A sleep diary in combination with actigraphy will enhance the quality of the information obtained. The diary can offer information on sleep and awake times to differentiate periods of inactivity from actual sleep. It can also explain daily variabilties in the information collected by the actigraph that might not easily be accounted for such as naps, specific events that alter a routine behaviour.
In circadian rhythm sleep disturbances, sleep diaries and actigraphy are useful as they can be used to collect information for an extended period of time to establish a pattern and consistency to come to a diagnosis. This would not be possible with a PSG.
This remains the gold standard in determination of sleep wake states. It is able to independently measure multiple variables used to determine and diagnose sleep disorders. However it is costly, requires the patient to be tested in an unfamiliar environment. The test itself may alter and affect the quality of the data obtained. Data cannot be obtained over an extended period of time and there is no correlation while the patient’s normal routine or sleeping habits.
In the diagnosis of insomnia, the use of a PSG would accurately assess total sleep time. However, the test itself might create a “first night effect” and lead to worsening of insomnia with reduction in sleep efficiency and total sleep time 8. With actigraphy, it is possible to evade the first night effect as shown in a study done by Sanchez et al 9, with parameters such as total sleep time, sleep efficiency and wake after sleep onset validated with PSG findings 10.
In the diagnosis of sleep disordered breathing, a PSG remains the gold standard. However, in-lab PSG testing remains costly. Therefore majority of patients will likely undergo home sleep testing. The use of an actigraph in place of electroencephalogram leads will enable a cost effective measure of total sleep time instead of total recording time as a denominator for eventual apnea hypopnea index scoring 11.

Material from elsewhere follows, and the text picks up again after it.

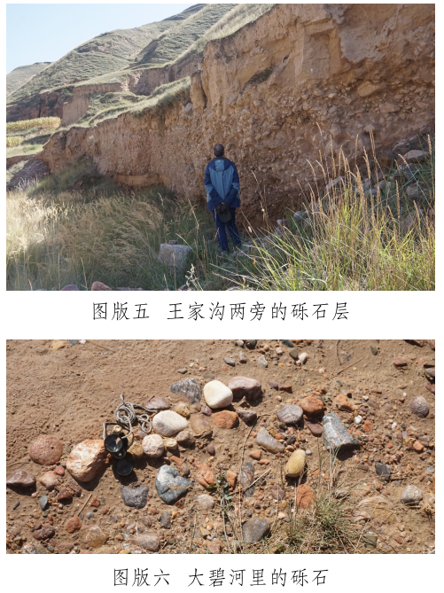 玉石山南麓有一條自東向西流過(guò)峽口鎮(zhèn)注入洮河的河——大碧河,《狄道州志》里稱為“打璧河” [12]。玉石山和山下大碧河之間有幾條溝,這些溝是上玉石山的必經(jīng)道路,也是雨水夾帶山上的石頭注入大碧河的通道。在甘肅臨洮馬家窯文化研究院李家功的引領(lǐng)下,我們對(duì)大碧河中下游和通往玉石山的三條支溝進(jìn)行了較系統(tǒng)的調(diào)查,調(diào)查方法是在訪問(wèn)當(dāng)?shù)赜嘘P(guān)人員的基礎(chǔ)上,進(jìn)行野外實(shí)地考察。大碧河連接玉石山的支溝主要有三條:第一條大溝是王家溝,是玉石山和峽口鎮(zhèn)之間的通道,大雨過(guò)后附近的村民往往會(huì)在這條溝里撿到玉石。在王家溝靠近玉石山的茨泉子村,十多戶村民都拿出自己在溝中揀到的十余件山流水玉料(圖版四)供我們觀察、檢測(cè)。玉料大小不一,大者長(zhǎng)軸約30厘米,多呈次圓狀,均有玉皮,內(nèi)部質(zhì)地多細(xì)膩,肉眼鑒定和XRF檢測(cè)結(jié)果表明,玉石主要包括黃綠色(含草花)透閃石玉、透輝透閃石玉及透閃石大理巖,另外還有螢石料。王家溝下游匯入大碧河入口段,發(fā)育三級(jí)階地,前人使用大型機(jī)械開(kāi)挖二、三級(jí)階地礫石層(圖版五),據(jù)說(shuō)在其中找到較多玉料,現(xiàn)政府已叫停。在階地礫石層中我們也撿到淺黃綠色透輝透閃石大理巖及半玉化的大理巖礫石,這些礫石是玉石山玉礦的近礦圍巖。王家溝匯入大碧河,因此大碧河中也可以撿到從王家溝滾落的玉石山上的玉石和其它巖石。我們?cè)诖蟊毯訊{口鎮(zhèn)段揀到較多直徑約3~5厘米來(lái)自玉石山的透閃石大理巖,巖石磨圓度高,成球狀或橢球狀,質(zhì)地較細(xì)膩。據(jù)當(dāng)?shù)厝酥v,也有人在大碧河峽口鎮(zhèn)段撿到過(guò)小塊的玉石;第二條溝是小溝——漆家溝,位于王家溝西面,雖位于玉石山正面,但鮮有聽(tīng)到在溝里撿到玉石的消息;第三條溝是王家溝東面的石景峽,距離玉石山相對(duì)較遠(yuǎn),其溝腦是玉石山的東延部分。《狄道州志》里載“打璧河,在州北三十里,源出石井峽,即打璧谷” [13]。這里的“石井峽”可能就是現(xiàn)在所說(shuō)的“石景峽”,峽中腰有水冒出。但現(xiàn)在的大碧河不源于石景峽,而是源于洮河和渭河的分水嶺。石景峽雖可能是史籍上的打璧谷,且在峽里也撿到了透閃石大理巖礫石,但沒(méi)有發(fā)現(xiàn)玉石器和玉料。

There are a large number of devices available, with little or no validation studies done. However, they are inexpensive and widely available and have a reach of millions of uses with a potential database that may allow large-scale analysis of sleep patterns and disorders. Most devices, however, come with disclaimers to state that they were not designed to diagnose, treat, cure or prevent disease. Example of a device that was validated is the Up by Jawbone against actigraphy 12 and PSG 13. There was good correlation of TST, WASO in both studies with PSG data. This finding should not be surprising as the technology in most these devices are largely based on accelerometers and actigraphy. However, the study by Toon et al 12 showed that a smarphone based application MotionX 24/7 did not accurately reflect sleep or wake states. Therefore, it would be prudent to validate individual devices as they become available.
While polysomnography remains the gold standard of sleep testing in eyes of many, actigraphy continues to be a useful test for the right application. It can yield valuable information over an long period of assessment, provide objective data without subjective inputs and has been validated in measures such as total sleep time, sleep efficiency and wake after sleep onset. It is valuable in disorders such as circadian rhythm disorders, insomnia and sleep disordered breathing. It is complementary and may be used in combination with other tests. In comparison with other tools for sleep tests, it has practical value as well as limitations. Understanding these aspects would help maximize the value of actigraphy.